**Records for this task:**
□ □ □ □ □

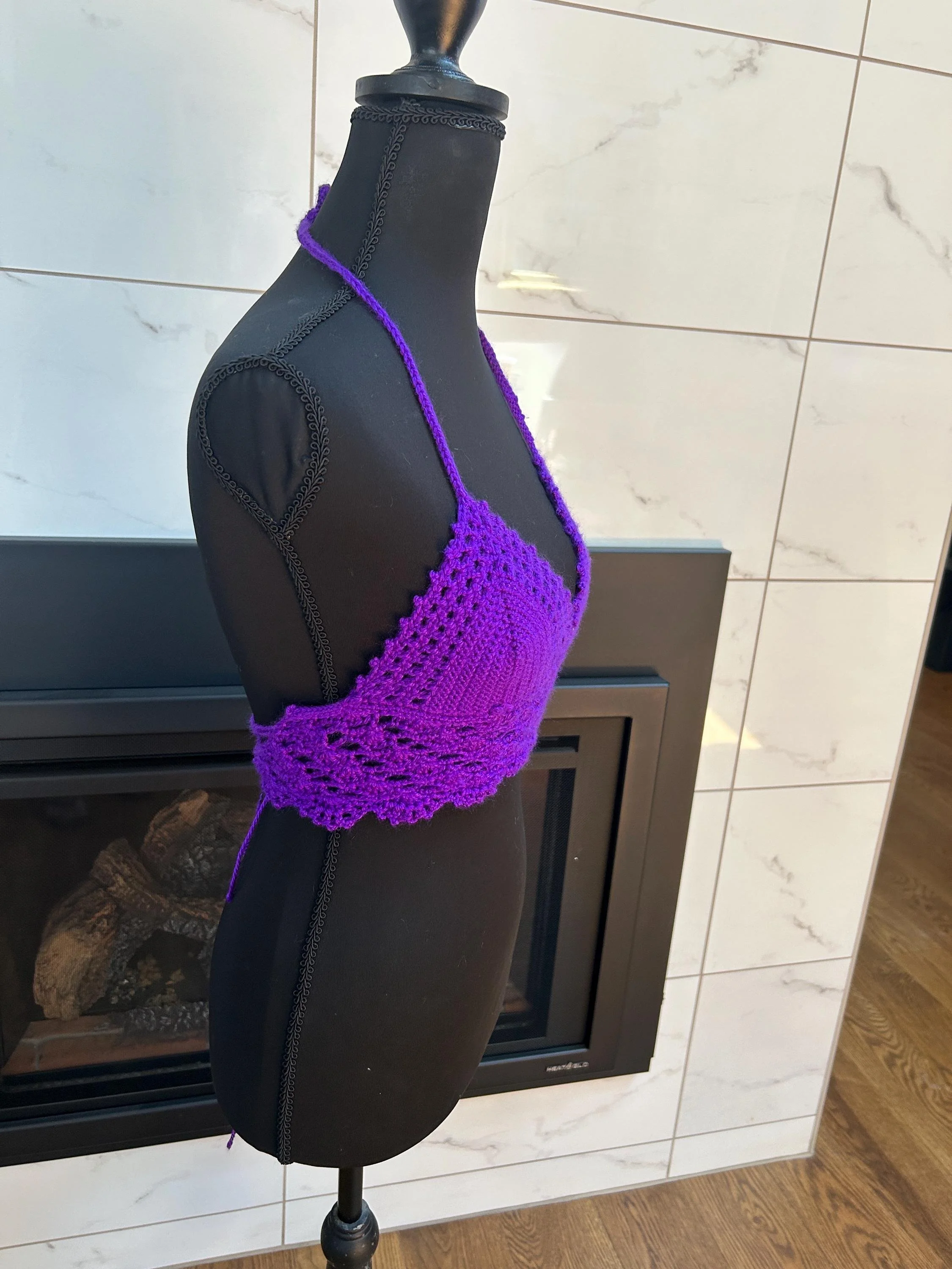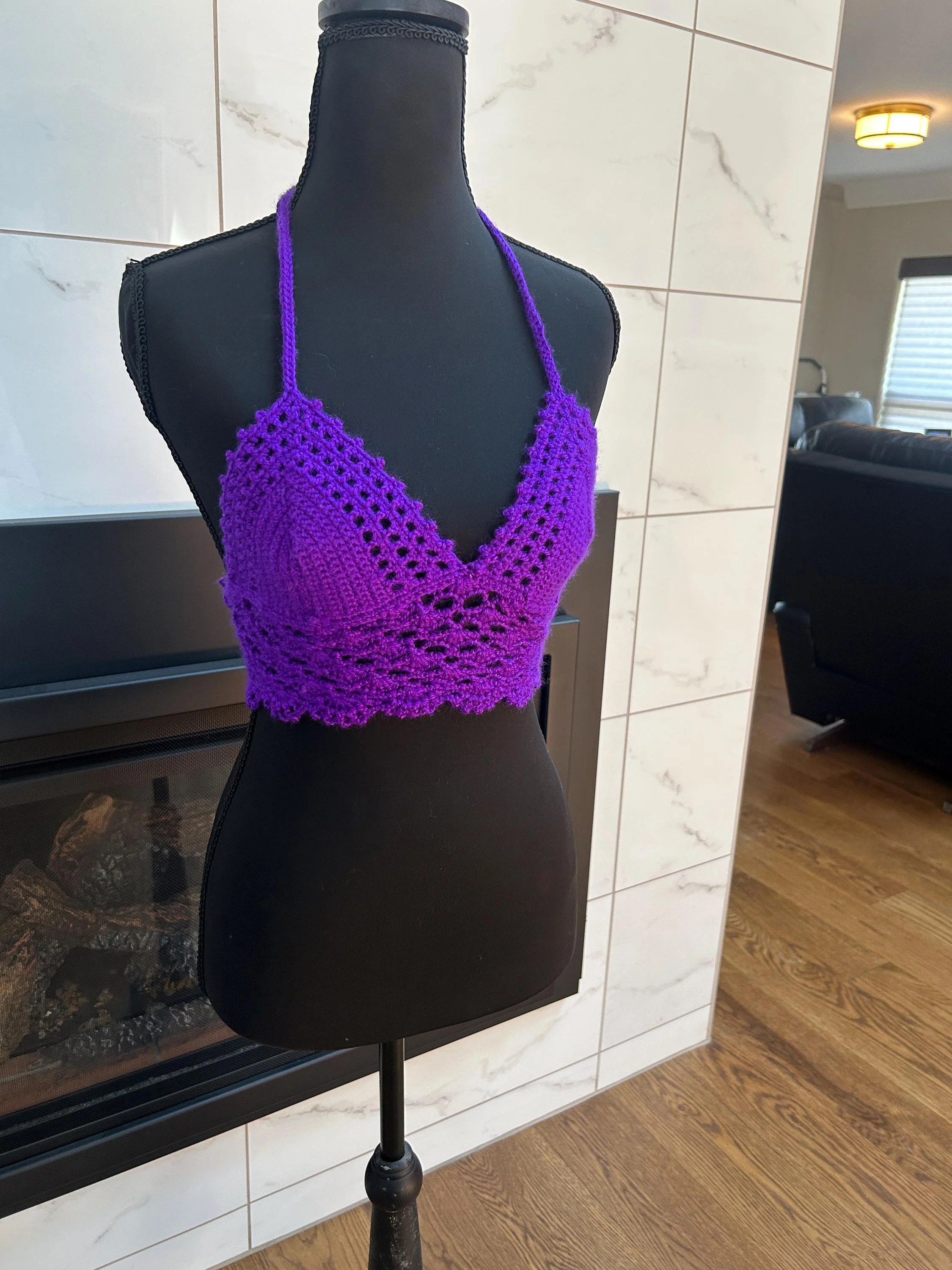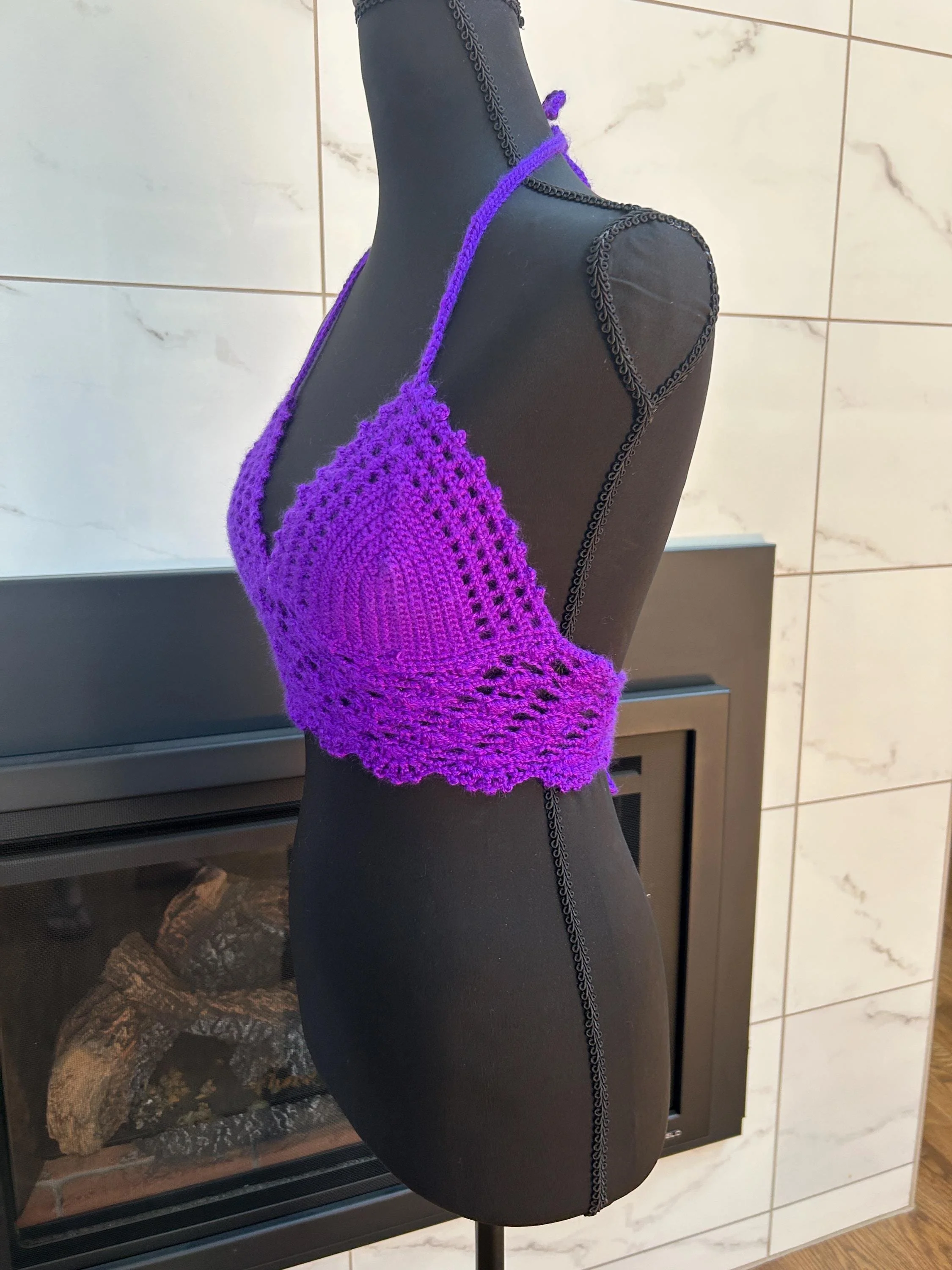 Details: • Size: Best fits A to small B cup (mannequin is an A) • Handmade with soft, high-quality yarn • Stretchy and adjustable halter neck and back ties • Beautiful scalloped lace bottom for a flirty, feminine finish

□ □ □ □ □

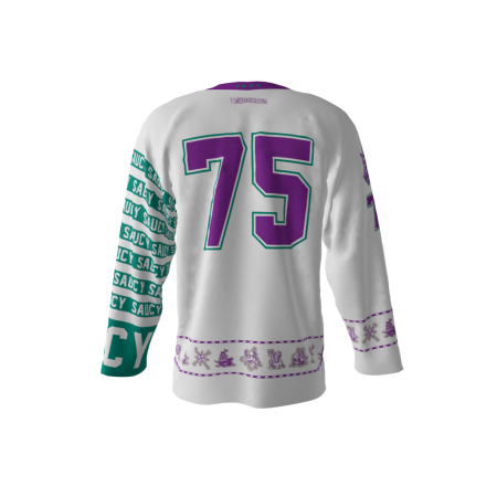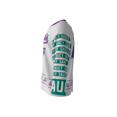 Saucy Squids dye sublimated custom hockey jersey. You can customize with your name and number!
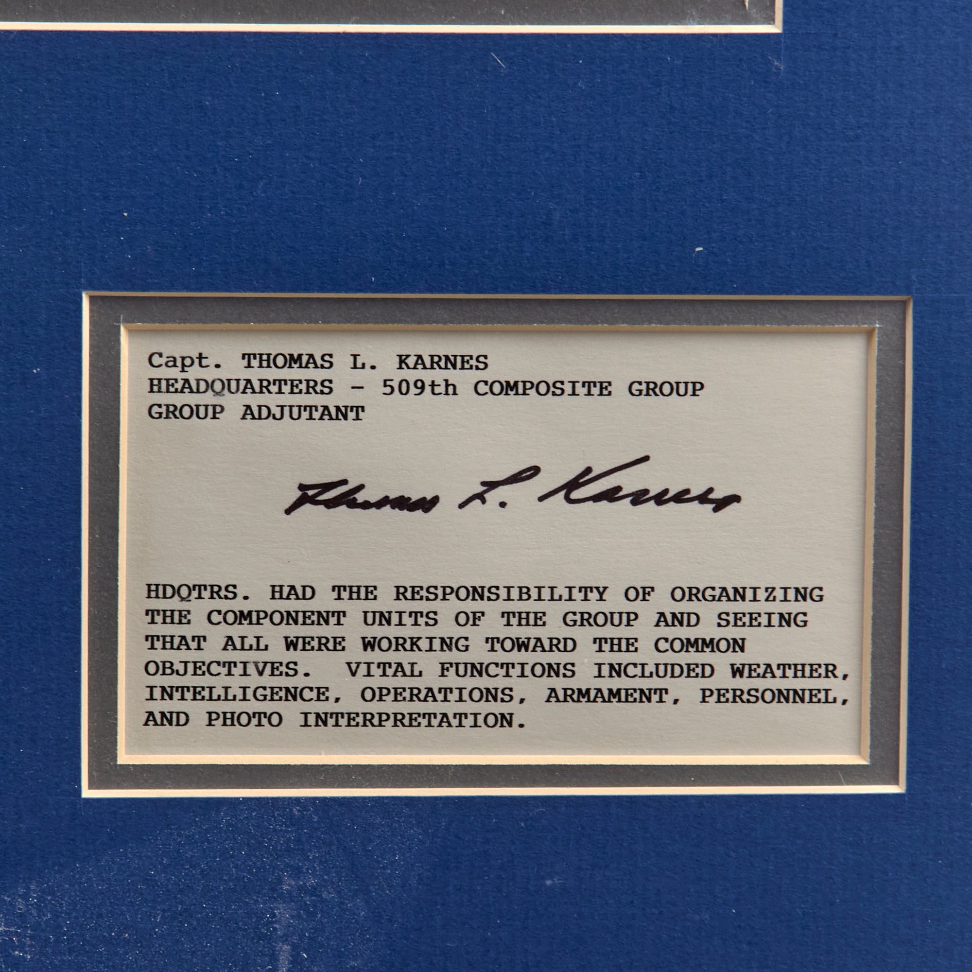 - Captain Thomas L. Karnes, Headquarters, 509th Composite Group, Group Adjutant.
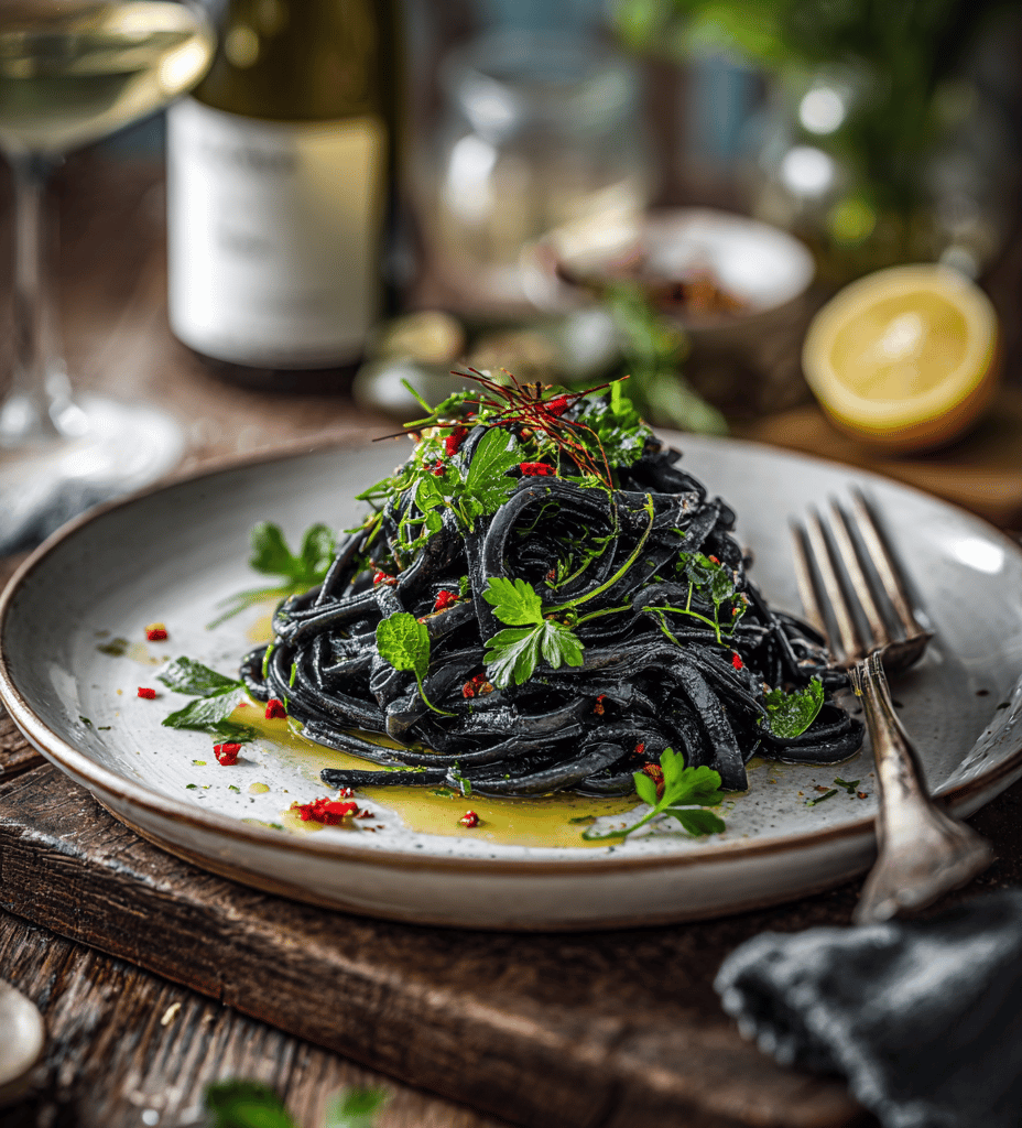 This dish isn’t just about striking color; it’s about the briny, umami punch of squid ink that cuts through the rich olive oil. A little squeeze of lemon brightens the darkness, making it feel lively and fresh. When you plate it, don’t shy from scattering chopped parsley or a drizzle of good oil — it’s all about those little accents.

□ □ □ □ □

**What to work on:** The copy should hold exactly the lines above from the one with "- Captain Thomas" through the one with "This dish isn’t", both ends counted, and no pictures at all.

**Solution for this exercise:**
 - Captain Thomas L. Karnes, Headquarters, 509th Composite Group, Group Adjutant.
 This dish isn’t just about striking color; it’s about the briny, umami punch of squid ink that cuts through the rich olive oil. A little squeeze of lemon brightens the darkness, making it feel lively and fresh. When you plate it, don’t shy from scattering chopped parsley or a drizzle of good oil — it’s all about those little accents.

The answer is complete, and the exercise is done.